START Material for this exercise
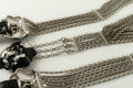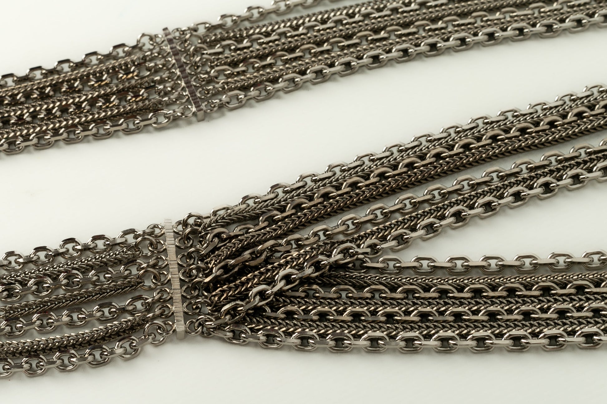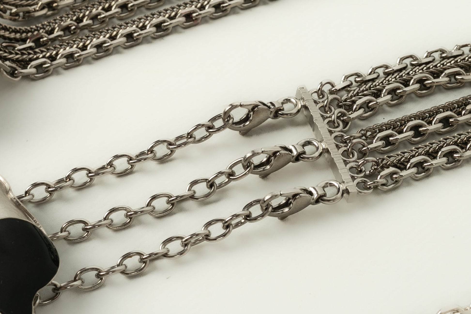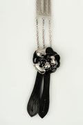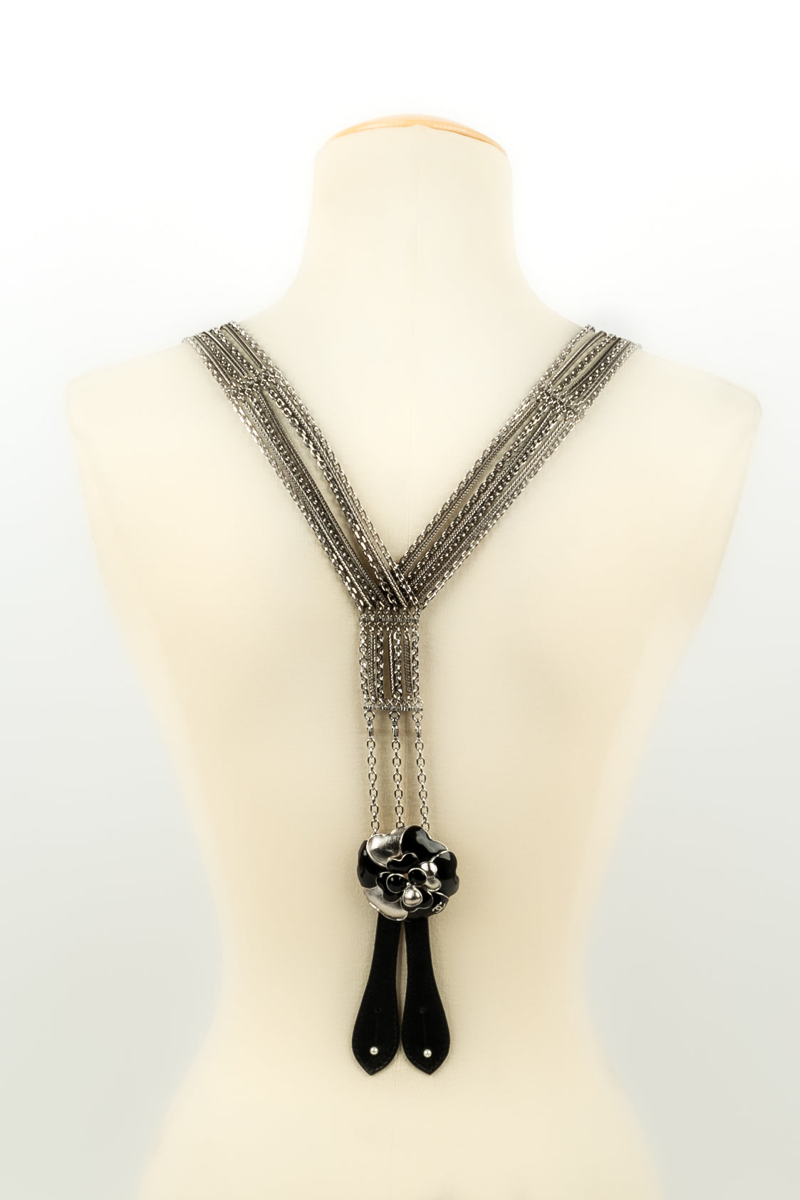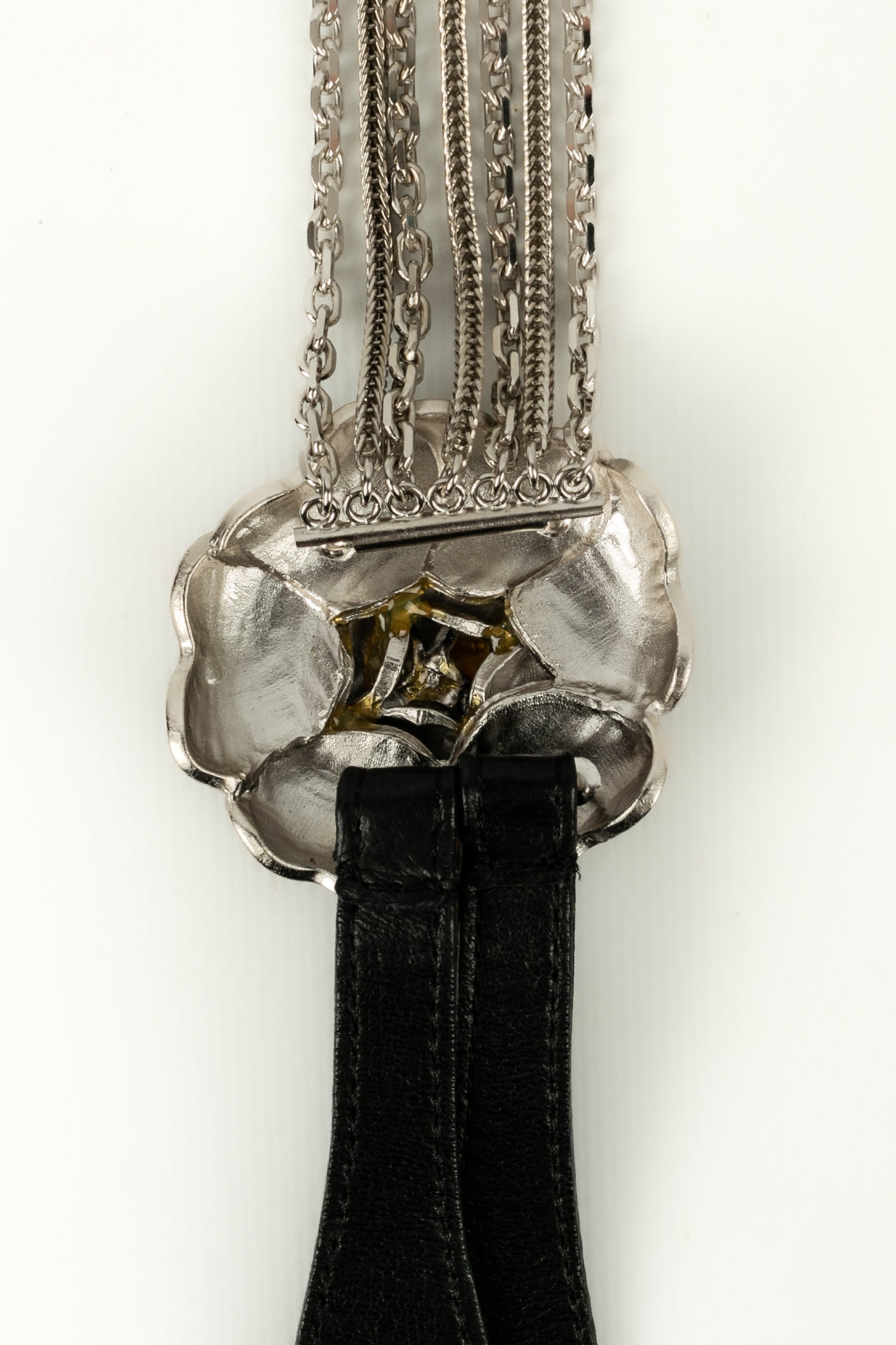 CHANEL - Bretelles en cha�nes argent�, cuir noir et cam�lia en m�tal argent� et �mail noir. Collection Printemps-Et� 2007.
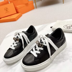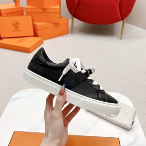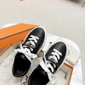 These stylish and easy to wear Hermes lace-up sneakers are a great addition to any wardrobe! Luxurious leather lined uppers with a stylish strap and Kelly buckle. Leather lined upper and rubber soles for a comfortable fit and a touch of class. This is a unique style any fashionista would not want to miss!
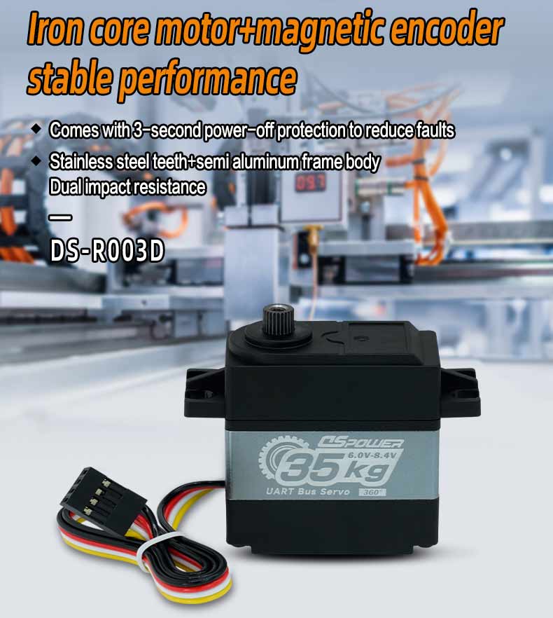 ● Bionic robots:DS-R003D's lightweight and high torque enable bionics and prosthetics to perform smooth, complex movements with high fidelity. The RS 485 bus allows for rapid querying of the position and load of multiple joints simultaneously.
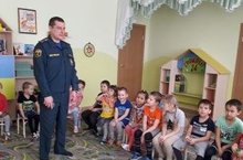 Безнең бакчабызда Сарман янгын күзәтчелегеннән Быренков Р.Н. булып китте. Ул балаларга Яңа ел бәйрәме вакытында янгын куркынычсызлык кагыйдәләрен үтәргә, янгын чыккан очракта өйдә үзләрен ничек тотарга, ут, пиротехникалар белән уйнамаска кирәклеген искәртте. \Сегодня наши воспитанники встретились с пожарным противопожарной охраны Сармановского района. Быренков Р.Н. познакомил детей с противопожарными правилами во время Новогодних праздников.
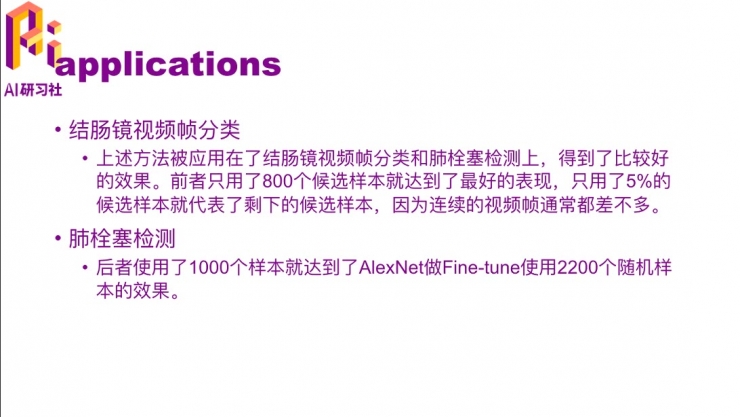 这个方法在机器学习方面是比较通用的,就是找那些难分的数据去做sequntial的fine-tune。这篇论文里主要是用在了医学图像上面,用两个例子实验了结果,一个是结肠镜的视频帧分类,看看有没有病变、瘤之类的。结论是只用了5%的样本就达到了最好的效果,因为其实因为是连续的视频帧,通常都是差不多的,前后的帧都是类似的,不需要每一帧都去标注。另一个例子也是类似的,肺栓塞检测,检测+分类的问题,只用1000个样本就可以做到用2200个随机样本一样的效果。
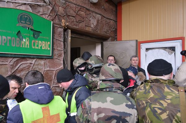 Підприємці заручилися підтримкою бійців івано-франківської «Самооборони» та вирушили до офісу фірми, яка орендує Центральний ринок. Збурений натовп налічував уже сотні осіб. По дорозі обурені іванофранківці зустріли директора фірми, який донедавна був керівником Івано-Франківської міської організації “Партії регіонів”, Ігоря Дутку і разом з ним увійшли до його офісу.
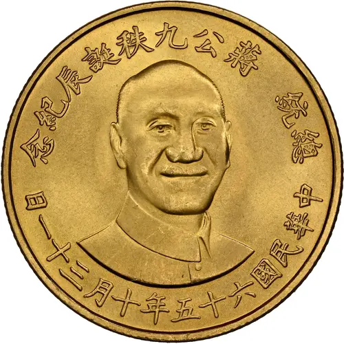 總統 蔣公九至誕辰紀念 中華民國六十五年十月三十一日 (Translation: In commemoration of the birthday of President Chiang Kai-shek Year 65, Month 10, Day 31 (or 31 October 1976)) |
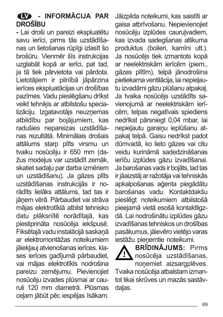 Jāizpilda noteikumi, kas saistīti ar gaisa atbrīvošanu. Nepievienojiet nosūcēju izplūdes cauruļvadiem, kas izvada sadegšanas atlikuma produktus (boileri, kamīni utt.). Ja nosūcējs tiek izmantots kopā ar neelektriskām ierīcēm (piem., gāzes plītīm), telpā jānodrošina pietiekama ventilācija, lai nepieļautu izvadāmi gāzu plūšanu atpakaļ. Ja tvaika nosūcējs uzstādīts savienojumā ar neelektriskām ierīcēm, telpas negatīvais spiediens nedrīkst pārsniegt 0,04 mbar, lai nepieļautu garaiņu ieplūšanu atpakaļ telpā. Gaisu nedrīkst padot dūmvadā, ko lieto gāzes vai citu veidu kurināmā sadedzināšanas ierīču izplūdes gāzu izvadīšanai. Ja barošanas vads ir bojāts, tad tas ir jāaizstāj ar ražotāja vai tehniskās apkalpošanas aģenta piegādātu barošanas vadu. Kontaktdakšu pieslēgt noteikumiem atbilstošā pieejamā vietā esošā kontaktligzdā. Lai nodrošinātu izplūdes gāzu izvadīšanas tehniskos un drošības pasākumus, jāievēro vietējo varas iestāžu pieņemtie noteikumi. BRĪDINĀJUMS: Pirms nosūcēja uzstādīšanas, noņemiet aizsargplēves. Tvaika nosūcēja atbalstam izmantot tikai skrūves un mazās sastāvdaļas. 69
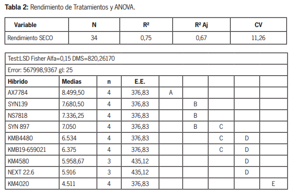 En la Tabla 2 se presentan los rendimientos de los distintos híbridos de maíz evaluados, donde se les realizó el análisis de la varianza (ANOVA) y las medias se compararon con el test de LSD Fisher al 15% de probabilidad.
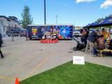 На парковке торгового центра Сант Витал огорожена небольшая территория, где персонажи “Toy Story 4” рады встретиться с вами. Несколько столов для поделок, разукрашек, игры, розыгрыши. Фотобудка со знаменитым мото, вам выдадут шлём для снимка.
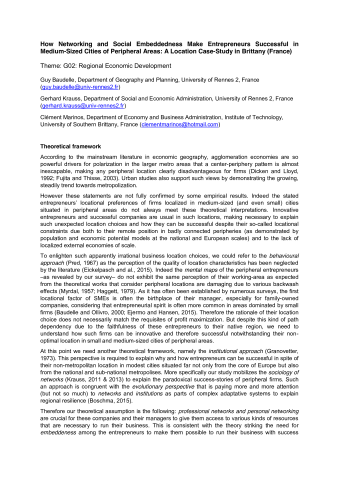 Guy Baudelle, Gerhard Krauss, Clément Marinos. How Networking and Social Embeddedness Make Entrepreneurs Successful in Medium-Sized Cities of Peripheral Areas: A Location Case-Study in Brittany (France). 57th ERSA Congress, Aug 2017, Groningen, Netherlands. ⟨hal-01583123⟩
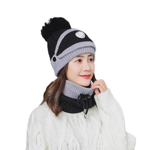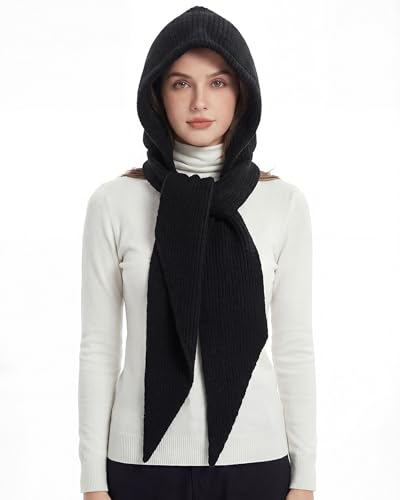 Aurorasports Winter Hat for Women Hooded Scarf Neck Warmer Ski Mask Balaclava for Cold Weather Windproof Drawstring Knit Hat
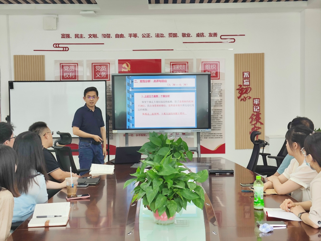 李乃栋强调了党规党纪在党的建设中的基础性和保障性作用,通过引入党员干部违纪违法典型案例,结合党纪国法的相关规定,围绕“党员干部违纪违法成因何在”“党员干部的权力怎么来的,该怎么用”“党员干部如何在遵纪守法、讲规矩上作表率”等方面进行了深入分析和交流。他号召支部全体党员要时常自重、自省、自警、自励;自觉加强党性修养,常思贪欲之害,自觉筑牢思想道德防线;以身作则,带头遵纪守法,自觉接受监督,从而真正做到拒腐蚀、永不沾。
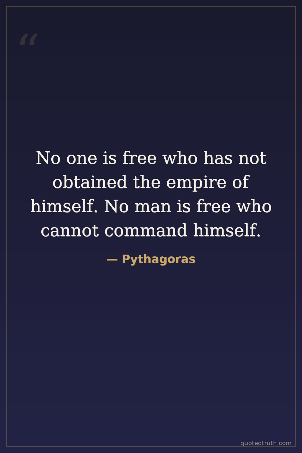 No one is free who has not obtained the empire of himself. No man is free who cannot command himself.
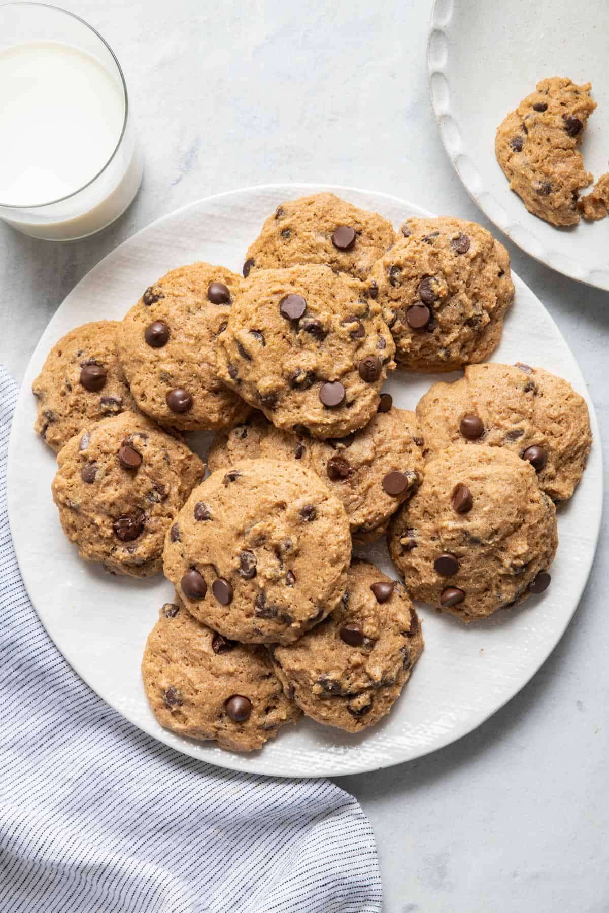 These easy Applesauce Chocolate Chip Cookies are super soft with great taste and texture but less fat than traditional chocolate chip cookies
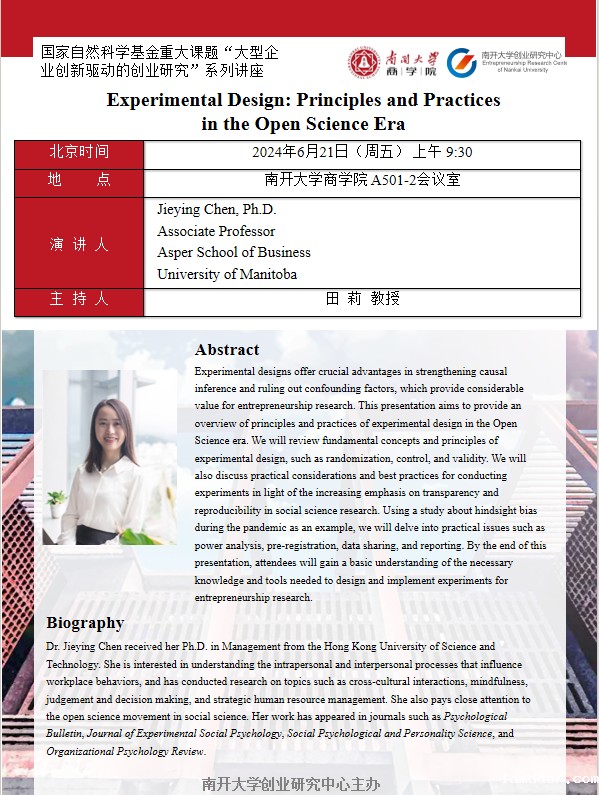 Experimental designs offer crucial advantages in strengthening causal inference and ruling out confounding factors, which provide considerable value for entrepreneurship research. This presentation aims to provide an overview of principles and practices of experimental design in the Open Science era. We will review fundamental concepts and principles of experimental design, such as randomization, control, and validity. We will also discuss practical considerations and best practices for conducting experiments in light of the increasing emphasis on transparency and reproducibility in social science research. Using a study about hindsight bias during the pandemic as an example, we will delve into practical issues such as power analysis, pre-registration, data sharing, and reporting. By the end of this presentation, attendees will gain a basic understanding of the necessary knowledge and tools needed to design and implement experiments for entrepreneurship research.
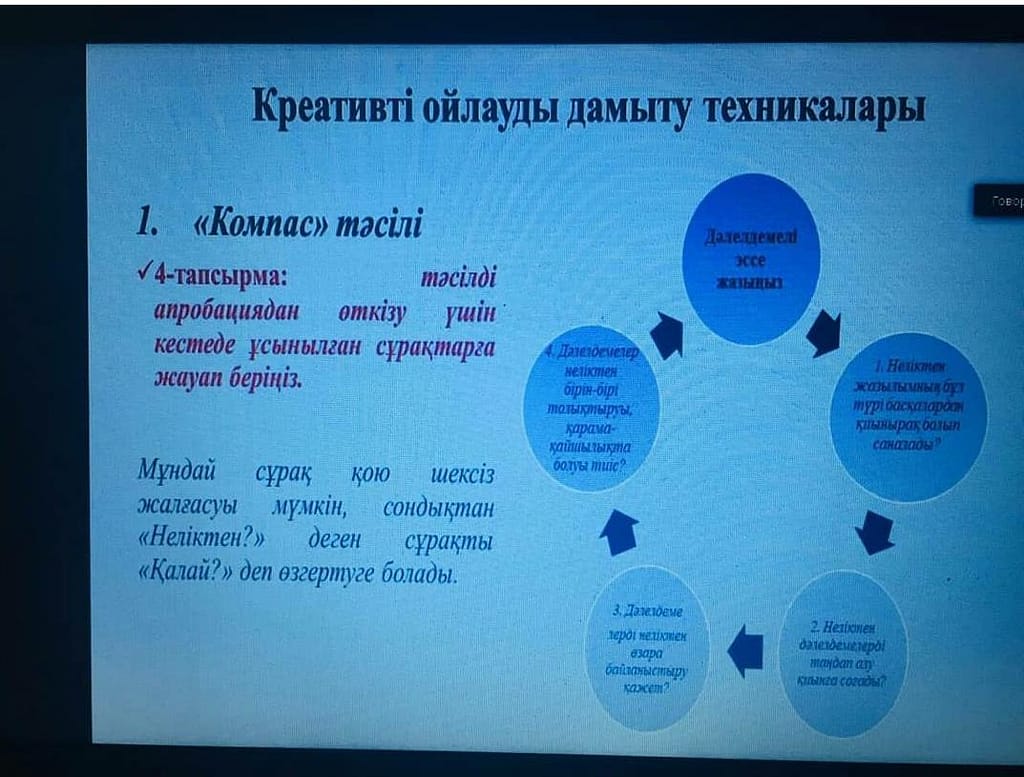 Бағдарламаның мақсаты: Оқушылардың функционалдық сауаттылығын дамытудағы педагогтердің кәсіби құзыреттілігін жетілдіру. Оқушылардың функционалдық сауаттылығын және шығармашылық ойлауын дамытуға арналған әдіс- тәсілдерді қолдануды үйрену, креативті ойлауды дамыту.
END Material for this exercise
*Exercise*: From the line with "No one is free" down to the final line of the entries above, repeat each line exactly; omit the pictures.

*Solution to the exercise*:
 No one is free who has not obtained the empire of himself. No man is free who cannot command himself.
 These easy Applesauce Chocolate Chip Cookies are super soft with great taste and texture but less fat than traditional chocolate chip cookies
 Experimental designs offer crucial advantages in strengthening causal inference and ruling out confounding factors, which provide considerable value for entrepreneurship research. This presentation aims to provide an overview of principles and practices of experimental design in the Open Science era. We will review fundamental concepts and principles of experimental design, such as randomization, control, and validity. We will also discuss practical considerations and best practices for conducting experiments in light of the increasing emphasis on transparency and reproducibility in social science research. Using a study about hindsight bias during the pandemic as an example, we will delve into practical issues such as power analysis, pre-registration, data sharing, and reporting. By the end of this presentation, attendees will gain a basic understanding of the necessary knowledge and tools needed to design and implement experiments for entrepreneurship research.
 Бағдарламаның мақсаты: Оқушылардың функционалдық сауаттылығын дамытудағы педагогтердің кәсіби құзыреттілігін жетілдіру. Оқушылардың функционалдық сауаттылығын және шығармашылық ойлауын дамытуға арналған әдіс- тәсілдерді қолдануды үйрену, креативті ойлауды дамыту.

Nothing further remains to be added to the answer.